The task »
Exactly as written, print out each entry in the data, with no pictures.

[Records from a data source]
Content starts

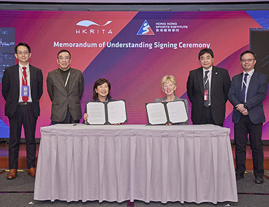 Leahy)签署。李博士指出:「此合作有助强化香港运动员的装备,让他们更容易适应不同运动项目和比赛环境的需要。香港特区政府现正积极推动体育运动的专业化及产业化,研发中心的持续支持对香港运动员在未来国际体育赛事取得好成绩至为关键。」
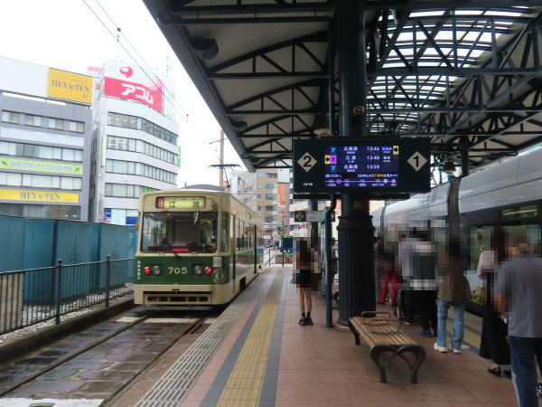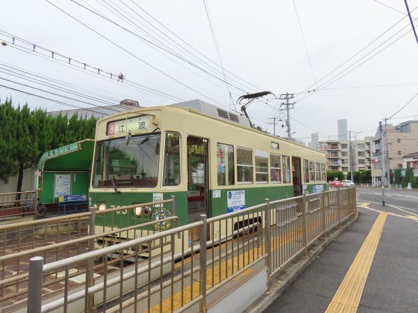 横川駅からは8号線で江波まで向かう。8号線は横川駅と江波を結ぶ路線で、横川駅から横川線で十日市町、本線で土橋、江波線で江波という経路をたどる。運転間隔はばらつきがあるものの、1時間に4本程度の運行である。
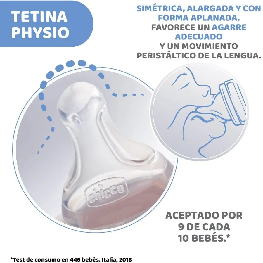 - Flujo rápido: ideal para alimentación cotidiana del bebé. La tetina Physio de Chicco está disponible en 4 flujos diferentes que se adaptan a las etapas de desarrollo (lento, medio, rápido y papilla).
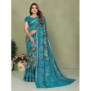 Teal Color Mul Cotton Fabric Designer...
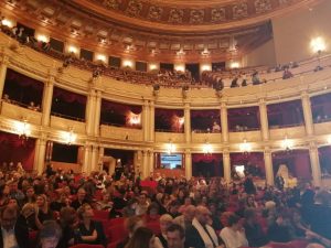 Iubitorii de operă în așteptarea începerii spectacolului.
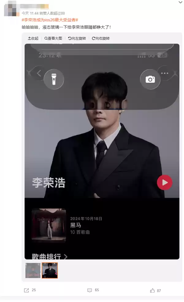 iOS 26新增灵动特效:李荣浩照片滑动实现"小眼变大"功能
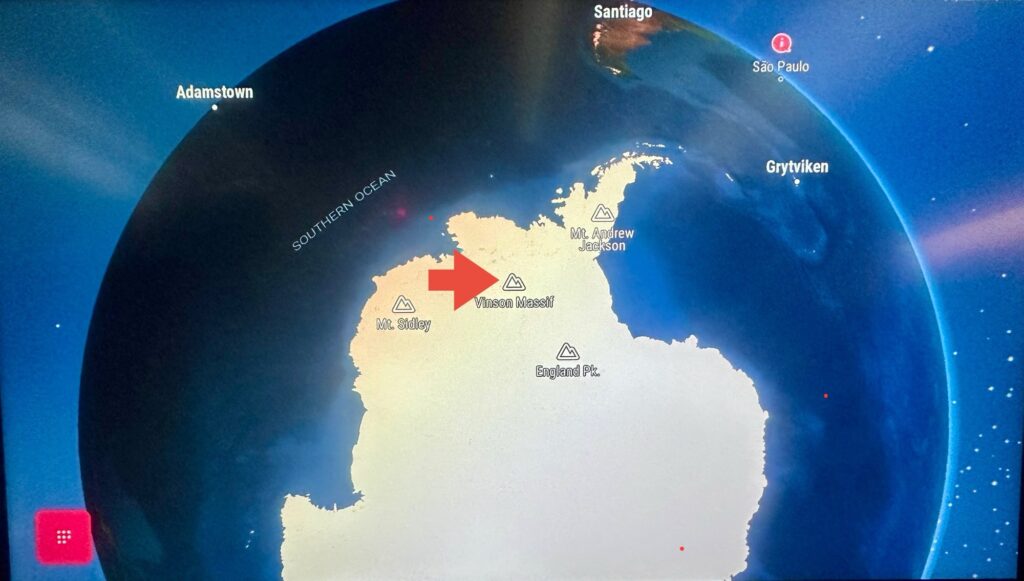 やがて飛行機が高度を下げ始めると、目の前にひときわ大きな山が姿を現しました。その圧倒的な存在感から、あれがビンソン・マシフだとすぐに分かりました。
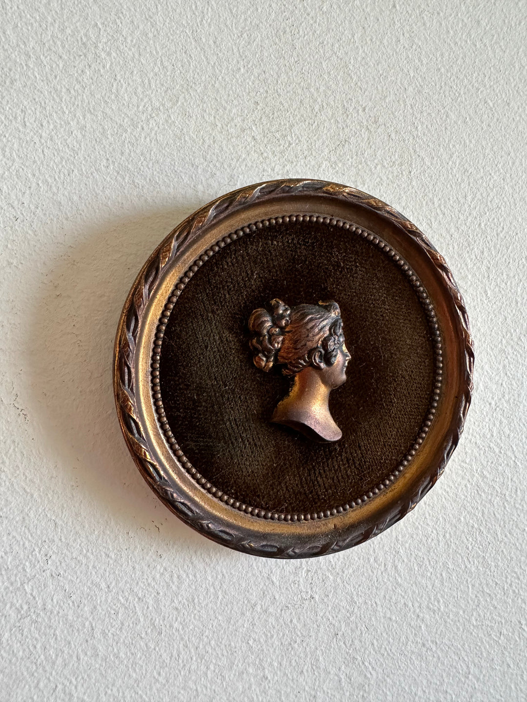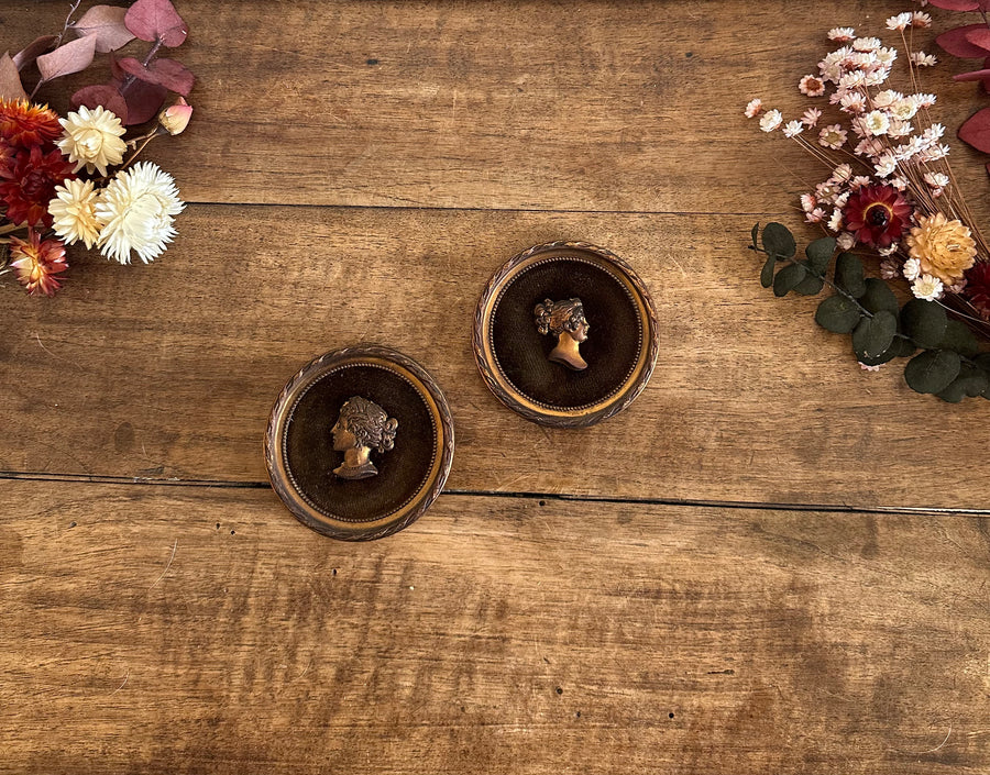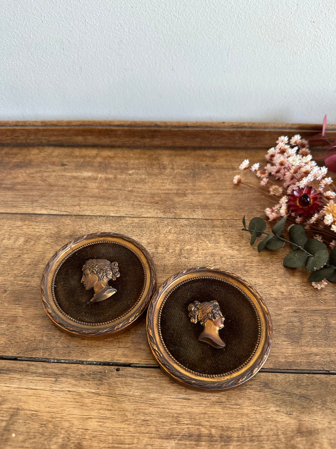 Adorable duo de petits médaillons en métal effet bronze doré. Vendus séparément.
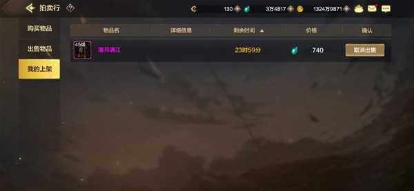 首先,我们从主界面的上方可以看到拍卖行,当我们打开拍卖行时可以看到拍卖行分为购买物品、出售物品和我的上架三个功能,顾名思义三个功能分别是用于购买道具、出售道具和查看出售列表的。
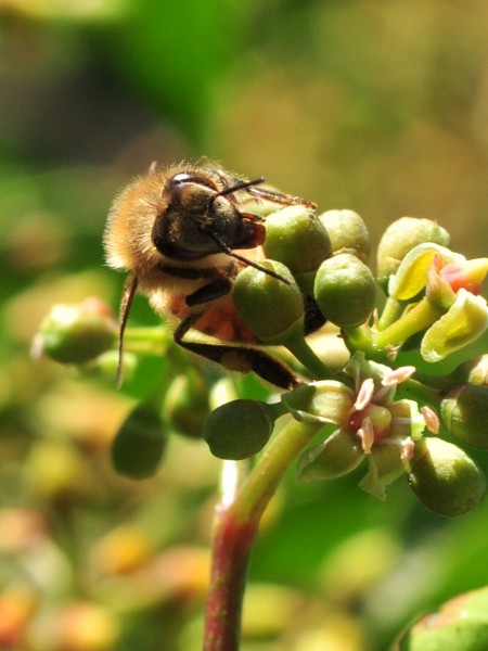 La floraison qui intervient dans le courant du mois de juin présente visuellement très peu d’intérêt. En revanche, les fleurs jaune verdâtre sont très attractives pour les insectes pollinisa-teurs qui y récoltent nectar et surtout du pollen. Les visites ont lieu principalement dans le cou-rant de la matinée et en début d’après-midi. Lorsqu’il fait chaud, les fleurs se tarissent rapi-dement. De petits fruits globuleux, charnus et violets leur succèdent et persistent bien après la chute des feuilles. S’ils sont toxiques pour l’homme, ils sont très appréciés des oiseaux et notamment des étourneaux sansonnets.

Content ends

The completed task »
 Leahy)签署。李博士指出:「此合作有助强化香港运动员的装备,让他们更容易适应不同运动项目和比赛环境的需要。香港特区政府现正积极推动体育运动的专业化及产业化,研发中心的持续支持对香港运动员在未来国际体育赛事取得好成绩至为关键。」
 横川駅からは8号線で江波まで向かう。8号線は横川駅と江波を結ぶ路線で、横川駅から横川線で十日市町、本線で土橋、江波線で江波という経路をたどる。運転間隔はばらつきがあるものの、1時間に4本程度の運行である。
 - Flujo rápido: ideal para alimentación cotidiana del bebé. La tetina Physio de Chicco está disponible en 4 flujos diferentes que se adaptan a las etapas de desarrollo (lento, medio, rápido y papilla).
 Teal Color Mul Cotton Fabric Designer...
 Iubitorii de operă în așteptarea începerii spectacolului.
 iOS 26新增灵动特效:李荣浩照片滑动实现"小眼变大"功能
 やがて飛行機が高度を下げ始めると、目の前にひときわ大きな山が姿を現しました。その圧倒的な存在感から、あれがビンソン・マシフだとすぐに分かりました。
 Adorable duo de petits médaillons en métal effet bronze doré. Vendus séparément.
 首先,我们从主界面的上方可以看到拍卖行,当我们打开拍卖行时可以看到拍卖行分为购买物品、出售物品和我的上架三个功能,顾名思义三个功能分别是用于购买道具、出售道具和查看出售列表的。
 La floraison qui intervient dans le courant du mois de juin présente visuellement très peu d’intérêt. En revanche, les fleurs jaune verdâtre sont très attractives pour les insectes pollinisa-teurs qui y récoltent nectar et surtout du pollen. Les visites ont lieu principalement dans le cou-rant de la matinée et en début d’après-midi. Lorsqu’il fait chaud, les fleurs se tarissent rapi-dement. De petits fruits globuleux, charnus et violets leur succèdent et persistent bien après la chute des feuilles. S’ils sont toxiques pour l’homme, ils sont très appréciés des oiseaux et notamment des étourneaux sansonnets.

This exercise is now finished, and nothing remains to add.